A narrativa, segundo Sodré e Ferrari (1986), constitui-se por descrever a realidade
factual do dia a dia e pelo cotidiano trabalhado discursivamente. Bastos (2005) acredita que a
linguagem do jornalismo literário é capaz de se adaptar a outros tipos de linguagem.
Pena (2013) destaca que na sexta ponta é necessário criar alternativas para não ouvir
sempre as mesmas fontes, também conhecidas como as oficiais e primárias. É preciso ouvir
diferentes pontos de vista. E, portanto, a última ponta da estrela trata da perenidade, cuja
finalidade é de fazer com que a reportagem permaneça e não seja esquecida pelo leitor pouco
tempo após sua publicação.
Conforme Bastos (2005), o jornalismo literário possui grande relevância, pois é capaz
de contribuir de maneira significativa para com a visão crítica do leitor, além de acompanhar a
tendência literária tanto no país quanto no mundo. O repórter precisa ter uma observação
sensível dos fatos, escrevendo um texto com qualidade.
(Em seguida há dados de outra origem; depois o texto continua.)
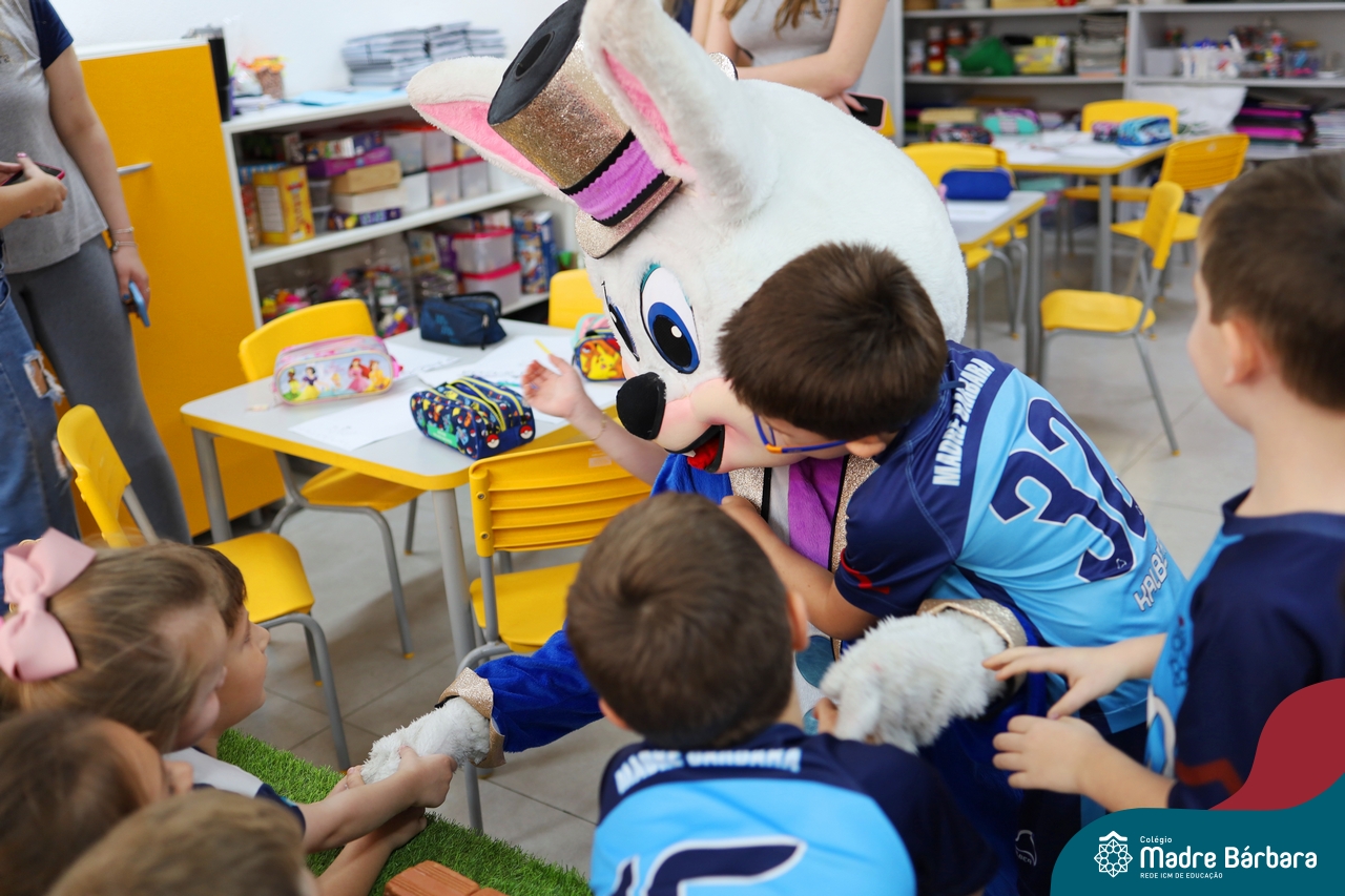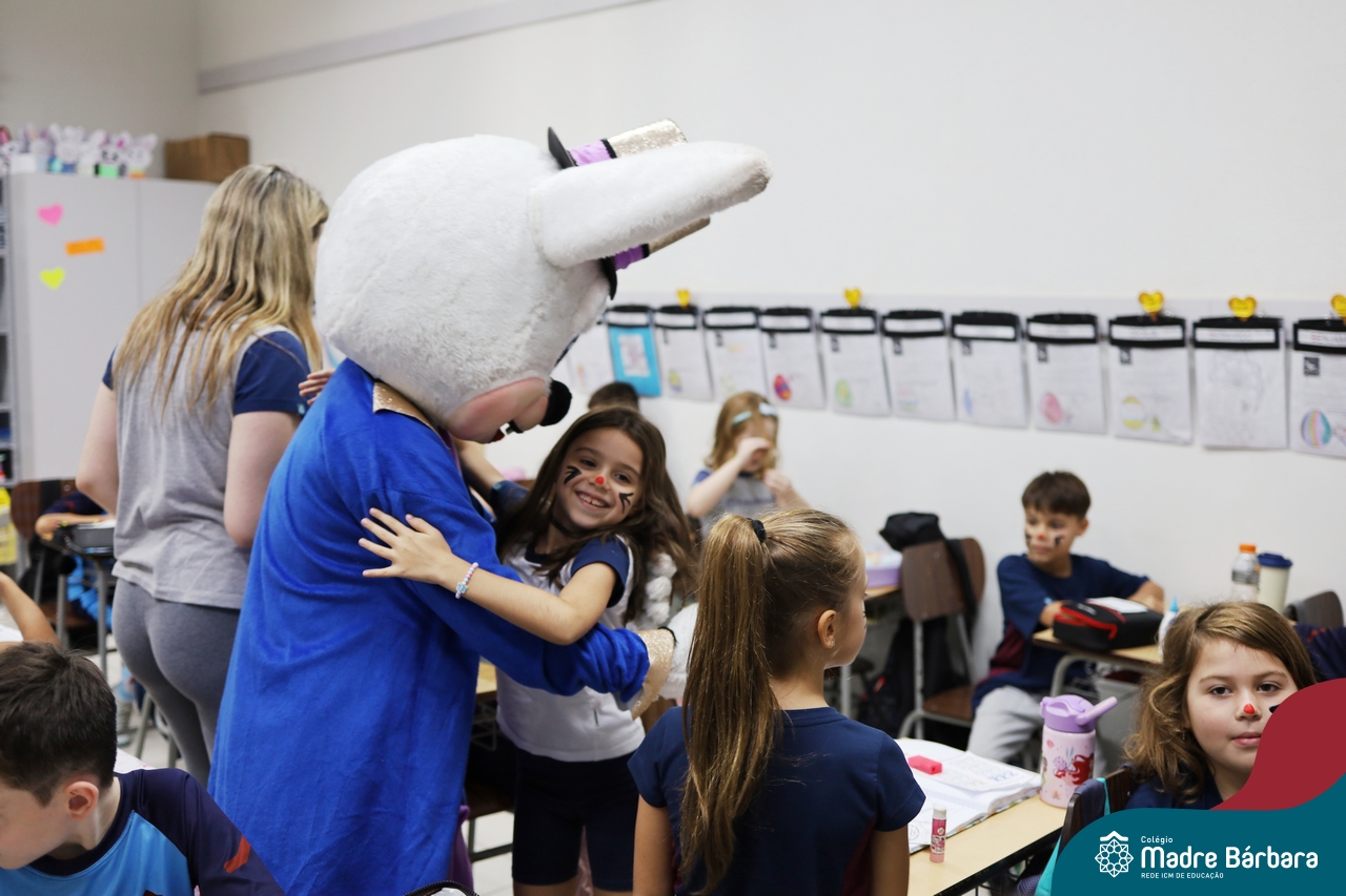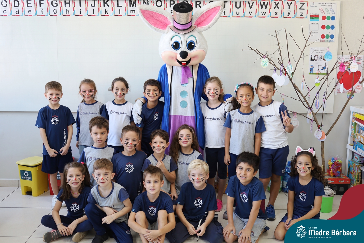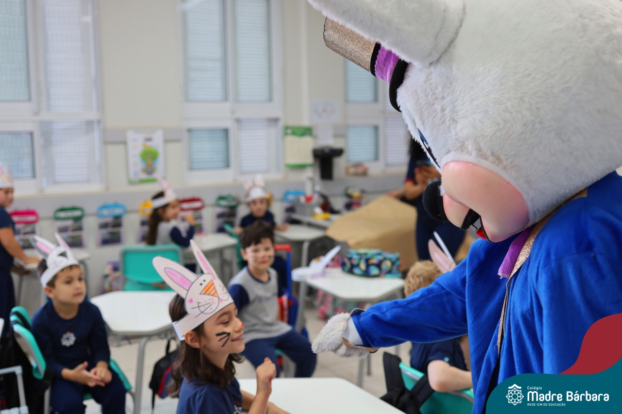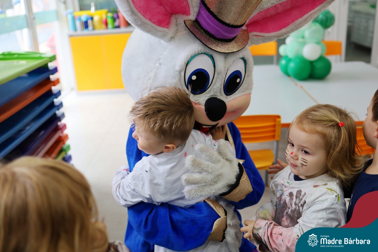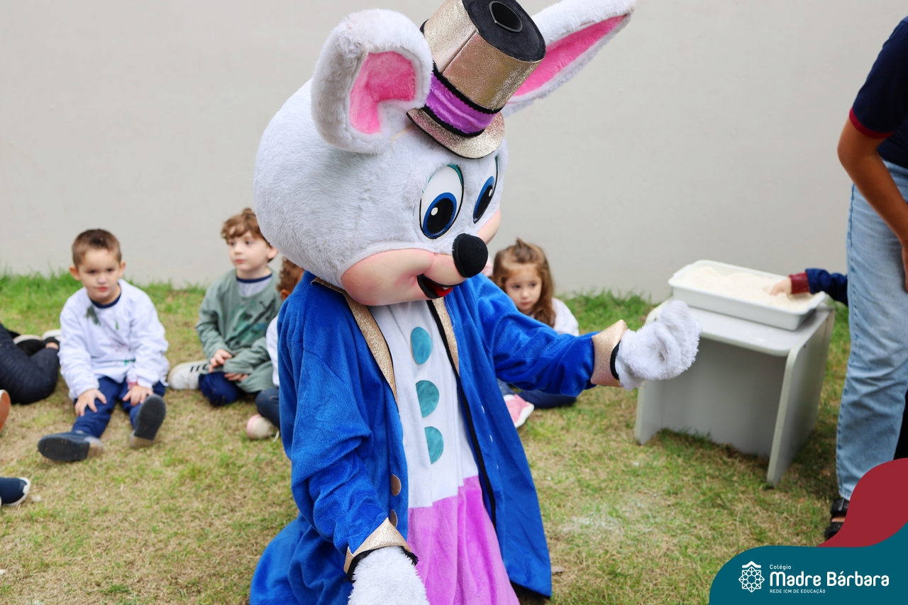 Na quinta-feira (17.04) as turmas da Educação Infantil ao Ensino Médio receberam a visita do Coelho da Páscoa do Grêmio Estudantil (Gembar). No Ensino Médio, o Gembar esteve acompanhado pela coordenação pedagógica, que entregou um mimo para os alunos e professores. Já na Educação Infantil e nos Anos Iniciais, as crianças aproveitaram para abraçar e fazer fotos com o amigo Coelho, já que ele havia deixado o ninho escondido por espaços do Colégio. Foi um dia muito alegre e feliz. Parabéns para o Gembar pela dedicação e por tornar o dia das crianças mais encantador e especial.

De acordo com a concepção de Olinto (2008), um dos pontos imprescindíveis em um
repórter é o seu íntimo contato com a realidade, transmitindo-a sob a perspectiva do que viu e
sentiu, como é evidente nos textos literários.
“No ponto intermediário do trabalho, o repórter precisa de já ter adquirido sua
linguagem. Não existe, no jornalismo concebido em termos mais avançados, o estilo de um
jornal. Existe, sim, o estilo de um jornalista”. (OLINTO, 2008, p. 28)
Segundo Sodré e Ferrari (1986), o jornalista precisa conquistar o leitor de forma
sedutora, na reportagem em que são narrados os acontecimentos da atualidade. A maneira de
escrever o texto é fundamental para chamar a atenção do público e o fazer se interessar pelo
assunto descrito.
Em se tratando da relação entre o jornalismo literário e a literatura, Bastos (2005)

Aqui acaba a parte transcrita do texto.